Llama 4 Maverick displayed the widest performance gap:
- 43% on Chart Understanding but only 18% on Visual Logic.
- This 25-point difference indicates strong numerical data extraction capabilities but significant weakness in abstract pattern recognition and spatial reasoning tasks.

See our benchmark methodology to learn our testing procedures.

What is visual reasoning?

Visual reasoning refers to the ability of a model to interpret an image, connect its elements, extract structure and associations, and produce a correct answer to a visual reasoning question. This capability brings together computer vision and language analysis, enabling an LLM to handle multimodal tasks that require understanding both visual and textual inputs.

Recent research and studies present multiple frameworks showing that LLMs can interpret objects, edges, positions, and patterns in an image, and then explain how they arrived at an answer through a reasoning process.

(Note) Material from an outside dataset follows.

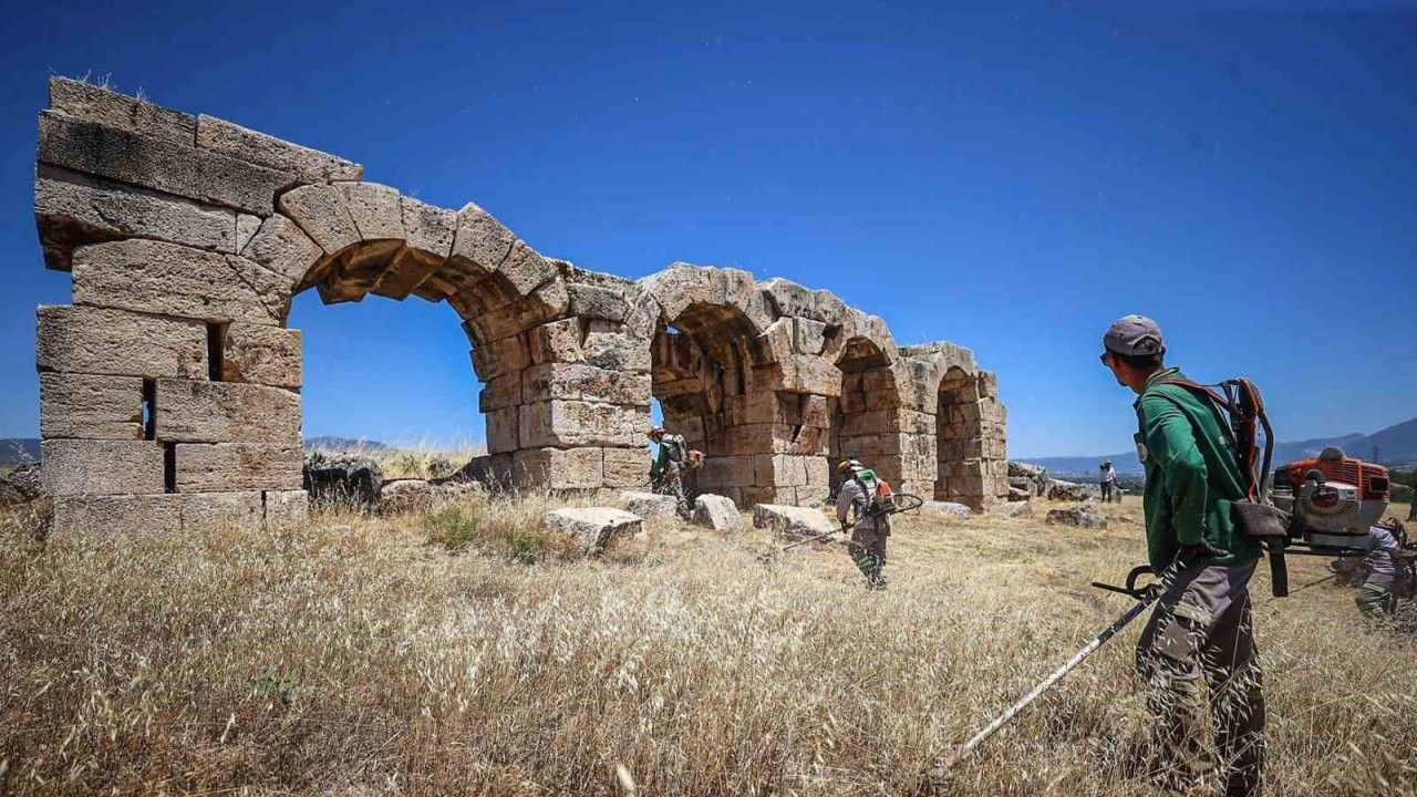 UNESCO Dünya Mirası Geçici Listesinde yer alan Laodikya Antik Kentinde, yangın tehlikesi oluşturabilecek kurumuş yabani otları temizledi.

For example, the Cola framework organizes multiple vision-language models to answer visual reasoning questions by asking each model to provide captions and plausible answers, then letting an LLM select the correct answer.

Two approaches are presented: Cola-FT, which is instruction-tuned, and Cola-Zero, which relies on in-context learning without extra training. The framework focuses on the reasoning process, using structured prompts to coordinate models and analyze their contributions.

Figure 1: Graph showing how Cola leverages a coordinative language model for visual reasoning.¹

Another example is the CVR-LLM framework, which improves reasoning by converting images into context-aware descriptions using the CaID method and selecting relevant examples with the CVR-ICL procedure. This framework treats image information as text-based representations, enabling the LLM to analyze associations more effectively across various types of multimodal tasks.²

How visual reasoning works in LLMs

LLMs do not perceive images directly. They rely on vision models that convert images into representations the LLM can understand. The mechanisms below summarize how recent models achieve visual reasoning.

Image interpretation and representation

Models first extract structured visual information using a vision encoder. The vision encoder identifies objects, textures, lines, edges, the lower part or upper part of an image, and the relations between them. This step is similar to classic image recognition, but the output format is tailored for language models.

LLMs then receive this representation along with the question. The model must combine these inputs to build a reasoning chain. For example, when asked a water-image question, such as identifying what people are doing in the middle of a river, the LLM must connect the appearance of the people, the positions of the objects, and the context clues provided.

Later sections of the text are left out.